At the time of the quarrel between Pope Innocent X and the Barberini, Arnauld was sent to Rome as chargé d'affaires of France. He acquitted himself of this mission with adroitness. The pope could not deny him the return of the cardinals, who were reinstated in their possessions and dignities. He returned with the reputation of being one of the most politic prelates in the kingdom.

Being offered the Bishopric of Périgueux (1650), he refused, but accepted the see of Angers in which was situated his Abbey of Saint-Nicholas. During his episcopate of forty-two years, he showed extraordinary ability in the service of the Jansenists and of his family. Having once entered on this path, he concentrated all his energies to keep from yielding, and thus to save his own honour and that of his brother Antoine Arnauld. This involved him in many difficulties, and caused many dissensions in his diocese.

His entrance into the quarrel aroused by Jansenism was most exciting. When Louis XIV ordered the bishops to sign the Formulary drawn up by the Assembly of the Clergy in 1661, Arnauld as the Bishop of Angers wrote a letter to the king sustaining the famous distinction of Pierre Nicole between "fact" and "law". The king having shown marked displeasure, the bishop wrote to the pope a letter of the same import, but Pope Alexander VII made no reply. The obstinate Arnauld then wrote to Péréfixe, Archbishop of Paris, to forestall the tempest which the obligation of signing the Formulary would arouse at Port-Royal. At the same time he encouraged the religious to resist or take refuge in subtleties.

Arnauld was one of the four prelates who in 1665 loftily refused to sign the Formulary of Alexander VII, and issued a mandate against it.
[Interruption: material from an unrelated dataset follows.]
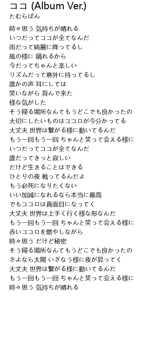 | Song | ココ (Album Ver.) |

He was about to be cited before an ecclesiastical tribunal when the pope died. Pope Clement IX, successor to Alexander VII, judged it preferable in the interests of religion to silence the whole affair. He accorded the Clementine peace to this party, and they took advantage of it.

The bishop preserved his Jansenism to the end. He pursued with disfavour the partisans of orthodoxy. One should read the "Mémoires" of Joseph Grandet, third superior of the Seminary of Angers, to know to what a degree Jansenism had imbued the bishop. He was energetic, austere, devoted to his duty, and filled with zeal.

In 1652, when the queen mother was approaching to inflict punishment on the city of Angers, which was in revolt, the bishop appeased her with a word. On giving her Holy Communion, he said: "Receive, Madame, your God, Who pardoned His enemies when dying on the Cross." There is still quoted a saying of his illustrating his love of work. One day, on being requested to take a day each week for relaxation, he replied: "I shall willingly do so, if you give me a day on which I am not bishop." He remains one of the most enigmatical figures of the seventeenth-century episcopate.

The negotiations carried on by him at the Court of Rome and various Italian courts have been published in five volumes (Paris, 1745).